A well-done poll uses statistical science to produce something a little like magic. The key is giving every person in the target population an equal chance of being contacted. The classic method is known as “random digit dialing,” which sprays out calls to both listed and unlisted phone numbers. By interviewing a sample of just 1,000 or so people, a pollster can come very close to divining the opinions of hundreds of millions.
But there are far more ways to get it wrong than right. Take “tracking” polls. Unlike one-shot polls, they last for months. Each day new people are interviewed, and results are published for a rolling average of the previous three, five, or seven days. These polls get top billing from the media just before an election, but they have a little-noted flaw. Because each wave of polling takes only a day, there’s no opportunity to call back people who don’t answer the first time. That means raw results are skewed toward the kind of people who sit by the phone. “A one-day poll is going to get you a lot of old women,” says Cliff Zukin, a Rutgers University polling expert.
Pollsters correct for this by giving less weight to replies from quick-to-answer types and more to replies from people in hard-to-reach groups. But the reweighting itself is imprecise, so a tracking poll’s actual margin of error can be a percentage point or two higher than what’s reported as its “sampling error,” typically 3 to 4 percentage points. Paul Lavrakas, president of the American Association for Public Opinion Research, calls this “almost like a dirty little secret.”
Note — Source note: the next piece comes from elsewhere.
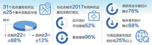 拟中选结果显示,31个试点通用名药品有25个集中采购拟中选,成功率81%。其中,通过一致性评价的仿制药22个,占88%,原研药3个,占12%。与试点城市去年同种药品最低采购价相比,拟中选价平均降幅52%,最高降幅96%。原研药吉非替尼片降价76%,福辛普利钠片降价68%,与周边国家和地区相比低25%以上。

Another secret: Americans routinely lie to pollsters when asked if they’ll vote—saying yes when the real answer is heck no. The trick is to ask a set of questions that ferrets out respondents’ true intentions. In an Oct. 18 blog post, FiveThirtyEight’s Silver contended that Gallup may have gotten its formula wrong, overestimating the likelihood of Romney’s supporters going to vote. Frank Newport, Gallup’s editor-in-chief, says that can’t be ruled out. “If our model is not as accurate as we’d like, we’ll definitely reevaluate it,” he says. RealClearPolitics’ average of eight national polls (including Gallup’s) showed Romney with just a 0.8 percentage-point lead through Oct. 28, compared with Gallup’s 5 percentage points.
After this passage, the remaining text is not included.